Even territories that are nowhere near the center of global licensing executives’ radar are starting to produce licensed properties for both local and sometimes global consumers. Examples from 2014 include:

  • Ukraine. Ukrainian designer Masha Reva was highlighted as part of a Pepsi- and Vogue Italia-sponsored fashion collaboration. The venture also included 13 other designers from Italy, the U.S., China, United Arab Emirates, India, and Bahrain. Pepsi is investing $50,000 to help Reva’s label develop.

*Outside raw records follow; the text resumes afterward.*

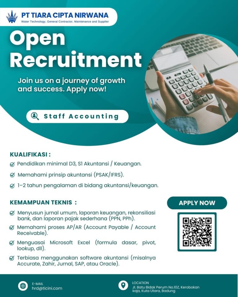 Bagi pencari kerja yang ingin berkembang bersama perusahaan yang stabil dan terus berkembang, lowongan kerja Bali ini merupakan kesempatan yang sangat baik. Pelamar dapat mengirimkan CV dan lamaran melalui email resmi perusahaan atau melamar melalui QR Code yang tersedia pada poster lowongan.
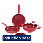 Wonderchef Royal Velvet Induction Base Non-Stick Cookware Set - Red, Fry Pan 24 cm (1.8 L) + Wok with Glass Lid 24 cm (2.7 L) + Dosa Tawa 24 cm + Mini Fry Pan 14 cm, Aluminium, 3 mm
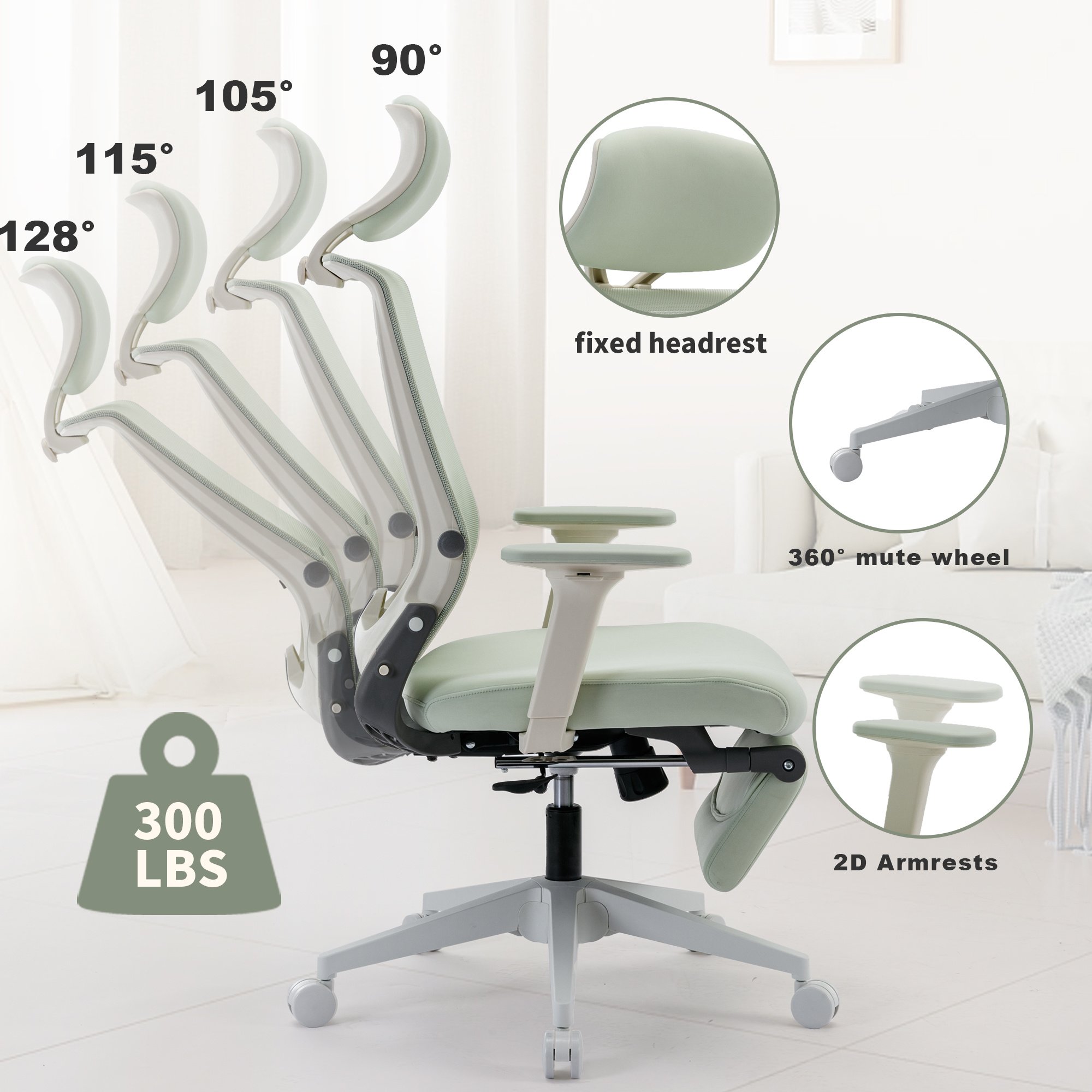 4.4. 90 ° - 128 ° tilt tension, any angle locking function.
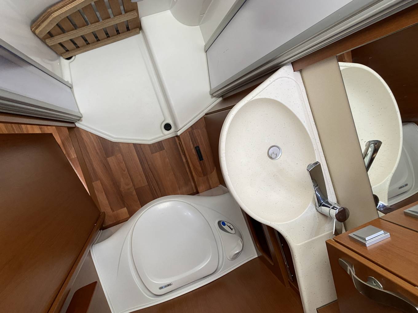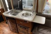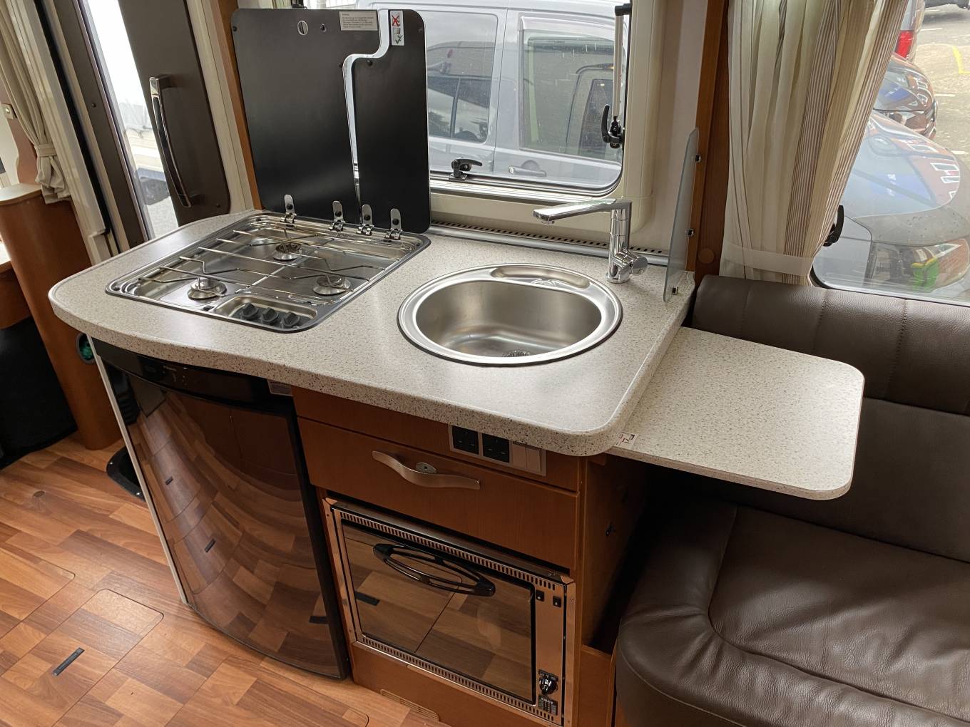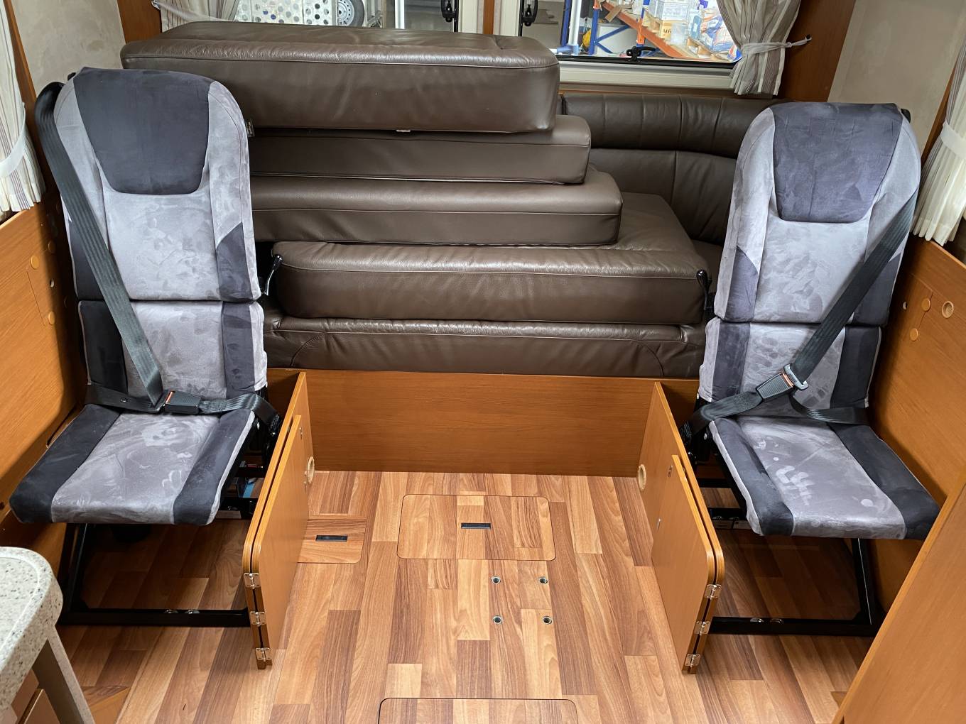 Inside, the layout is both practical and versatile: front dinette with drop-down bed, midships kitchen and washroom, and the spacious rear lounge that converts into a large double (or single + smaller double if preferred).

  • Bangladesh. Bangladesh hosted the ICC World T20 cricket championship, with the organizing committee overseeing a licensing program encompassing apparel, gifts and novelties, accessories, face paint, and horns. Merchandise sported the logos of the event and the 26 teams playing in it. Products were available at the stadium and at retail shops in and near Dhaka, where the tournament was held.
  • Vietnam. The mobile game Flappy Bird, created by Vietnamese developer Dong Nguyen, last summer secured licensees including Concept One for accessories and Character World for bedding, both based in the U.K. The game had quickly gained a global following.

None of these countries is a licensing hotspot yet, nor have any notable licensing success stories emerged. But the number of deals allowing for the manufacture and/or distribution of licensed merchandise within their borders is slowly on the rise in all three.